> Extracted data:

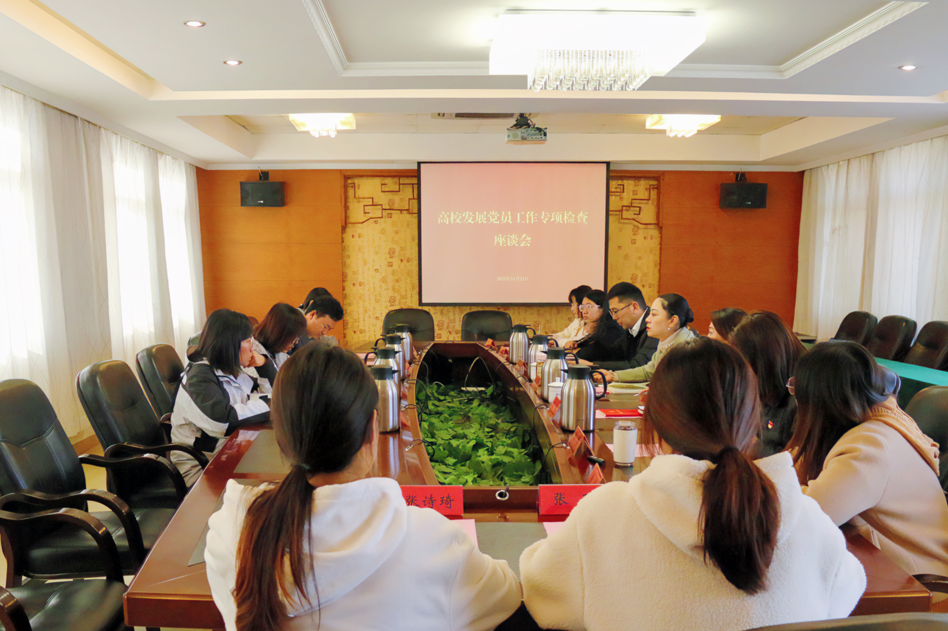 随后,检查组通过个别访谈、查阅资料等形式,深入了解91自拍 发展党员相关工作开展情况。检查组对91自拍 发展党员工作给予了充分肯定,并就检查过程中发现的具体问题和工作建议进行了现场反馈和交流。
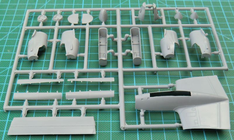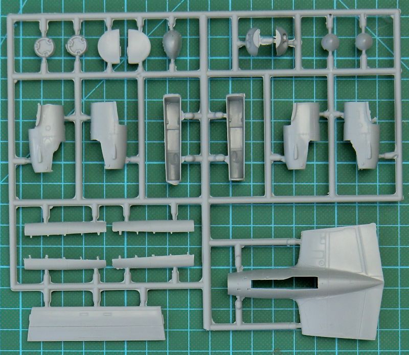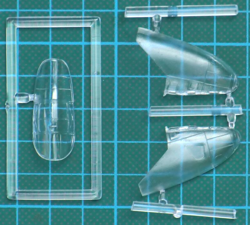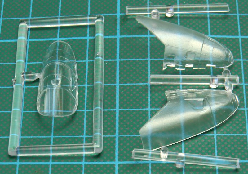 Natürlich ist auch dieses wieder ein Short-Run-Kit mit schönen Details und versenkten Strukturen. Einige Bauteile besitzen etwas Grat. Neu ist hier der neue Rumpfbug aus zwei Klarteilen. Der Hersteller hat den Bauschritt glatt vergessen. Kameras oder andere inneren Details gibt es nicht. Dafür muss die Säge angesetzt werden. Hier muss ein wenig probiert werden, denn genaue Maße liefert die Bauanleitung nicht. Das ist nach meinem Empfinden das Hauptmanko des Bausatzes.
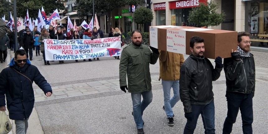 Μια πρωτότυπη και μακάβρια εικόνα αντίκρισαν σήμερα οι Τρικαλινοί στο συλλαλητήριο του ΠΑΜΕ.
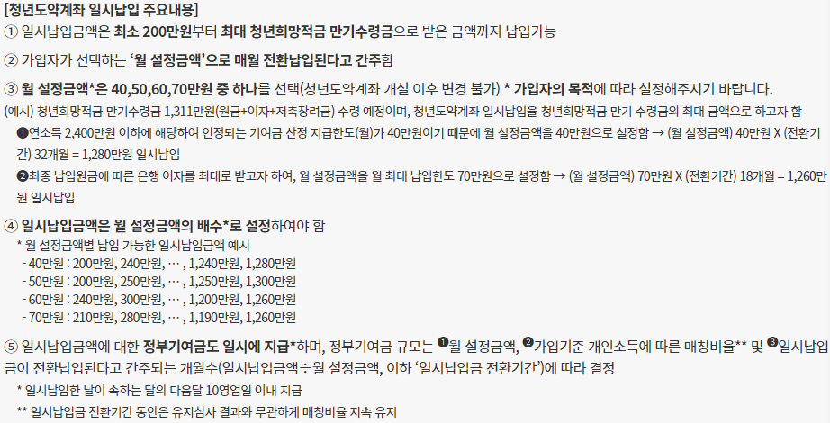 4-1. 청년도약계좌 일시납입 주요 내용
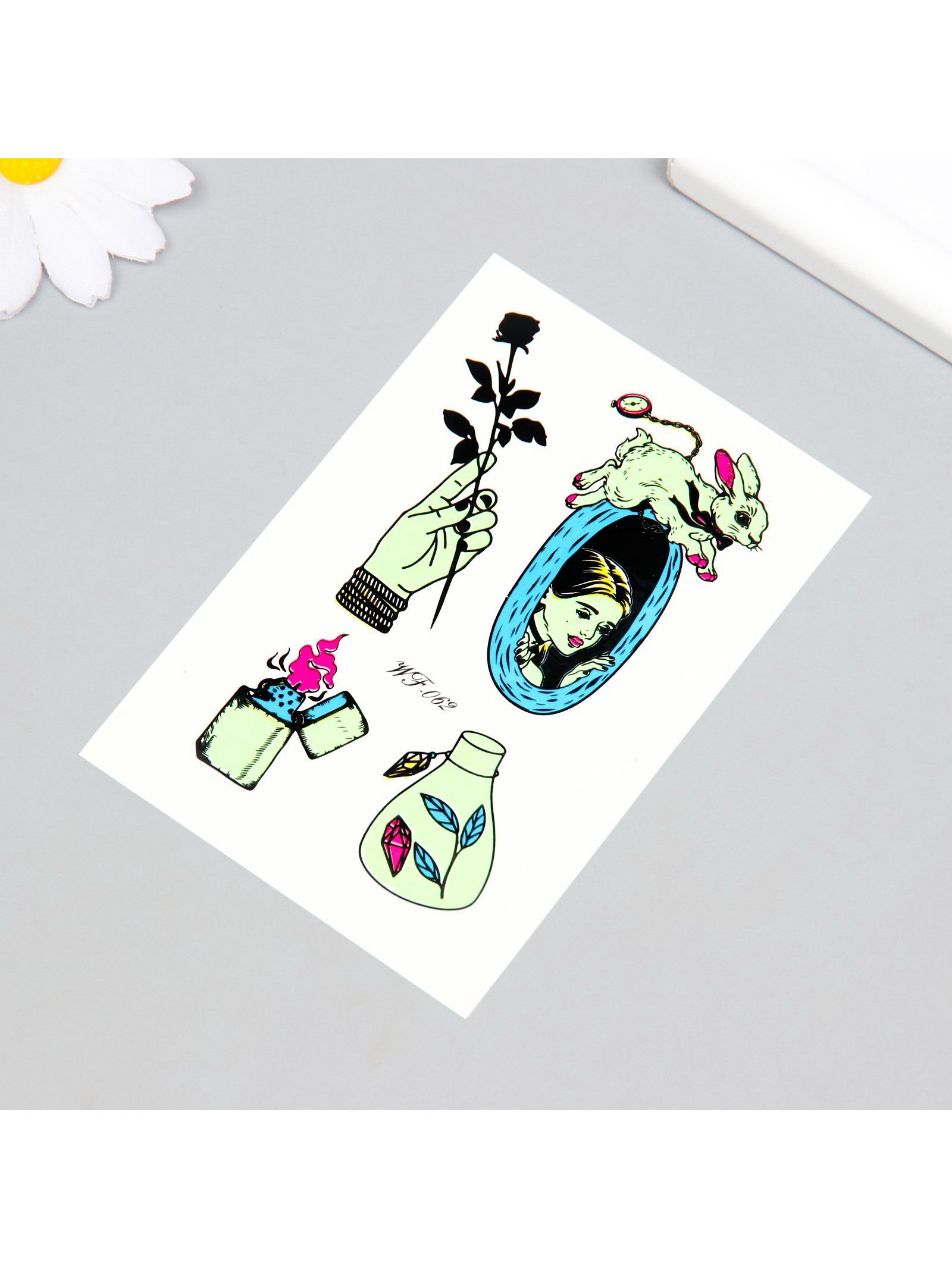 Переводные тату на тело светящиеся цветные "Алиса в норе", 14.3x7.5 см, 7.5x14.3 см., Китай
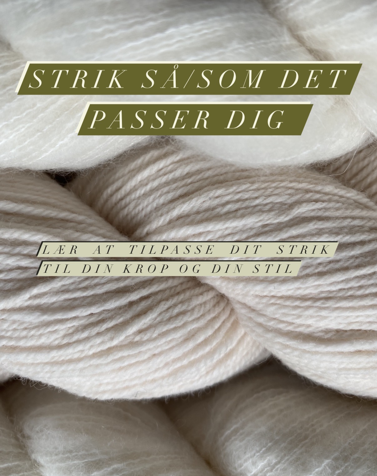 Vi starter med et oplæg på ca. 45 minutter, hvor du får mine bedste værktøjer, tips og tricks til at tilpasse strik, så det passer til dig, din krop og din personlige stil.
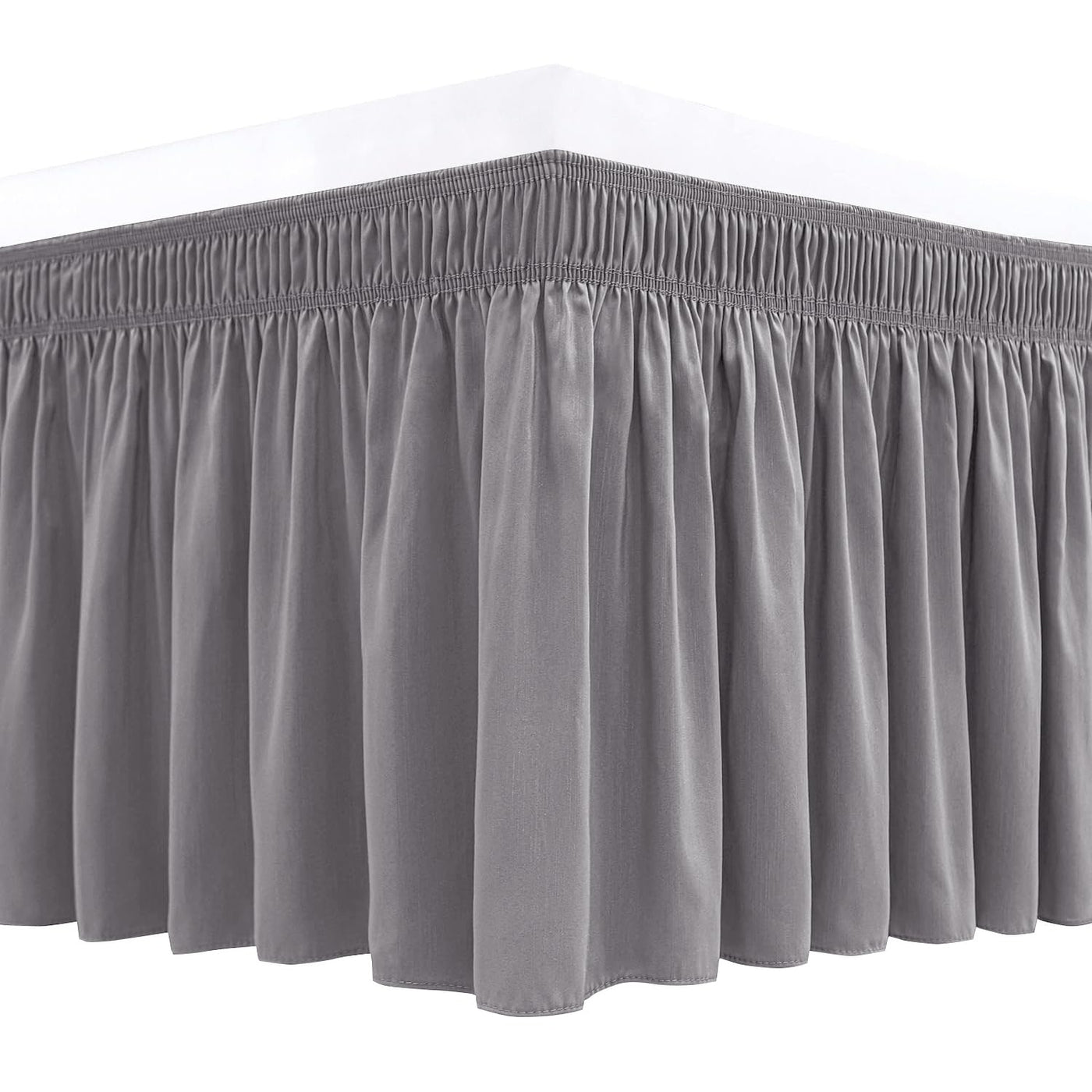 Biscaynebay Wrap Around Bed Skirts For King & Cal King Beds Short Drop Of 12', Silver Grey Adjustable Elastic Dust Ruffles Easy
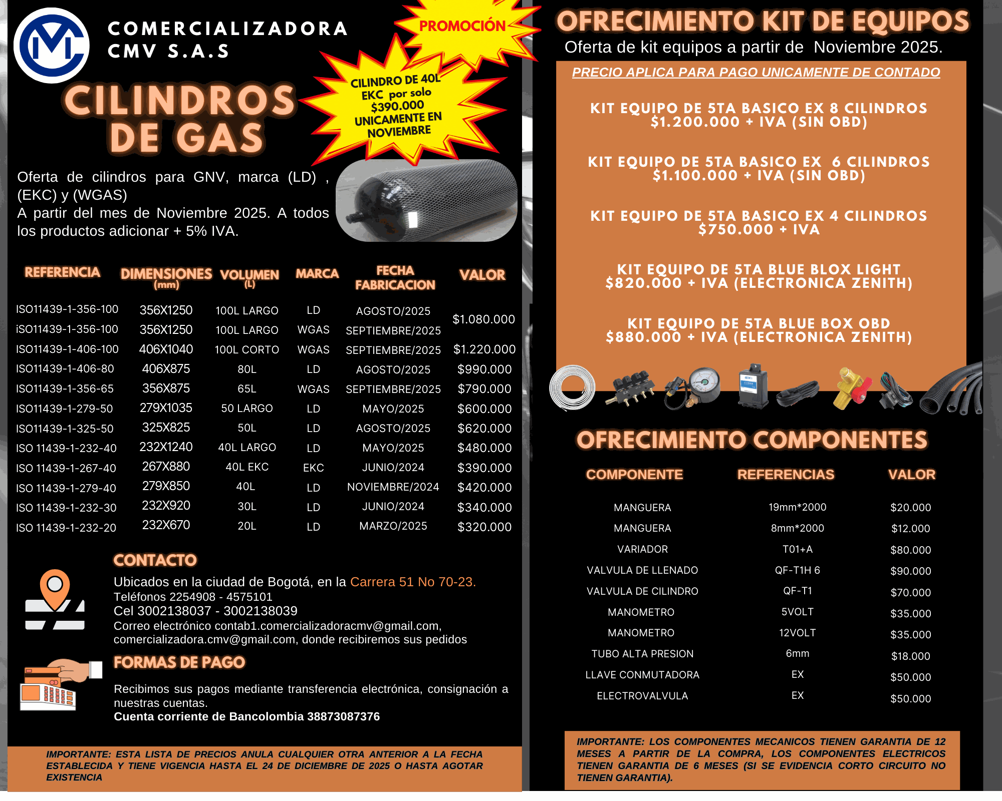 OFRECIMIENTO CILINDROS CMV SAS MARCA LD.

> Task prompt: Only the lines from the beginning of the records up to and including the line with "Vi starter med" should appear, exactly as they are, and no pictures.

> Result of this task:
 随后,检查组通过个别访谈、查阅资料等形式,深入了解91自拍 发展党员相关工作开展情况。检查组对91自拍 发展党员工作给予了充分肯定,并就检查过程中发现的具体问题和工作建议进行了现场反馈和交流。
 Natürlich ist auch dieses wieder ein Short-Run-Kit mit schönen Details und versenkten Strukturen. Einige Bauteile besitzen etwas Grat. Neu ist hier der neue Rumpfbug aus zwei Klarteilen. Der Hersteller hat den Bauschritt glatt vergessen. Kameras oder andere inneren Details gibt es nicht. Dafür muss die Säge angesetzt werden. Hier muss ein wenig probiert werden, denn genaue Maße liefert die Bauanleitung nicht. Das ist nach meinem Empfinden das Hauptmanko des Bausatzes.
 Μια πρωτότυπη και μακάβρια εικόνα αντίκρισαν σήμερα οι Τρικαλινοί στο συλλαλητήριο του ΠΑΜΕ.
 4-1. 청년도약계좌 일시납입 주요 내용
 Переводные тату на тело светящиеся цветные "Алиса в норе", 14.3x7.5 см, 7.5x14.3 см., Китай
 Vi starter med et oplæg på ca. 45 minutter, hvor du får mine bedste værktøjer, tips og tricks til at tilpasse strik, så det passer til dig, din krop og din personlige stil.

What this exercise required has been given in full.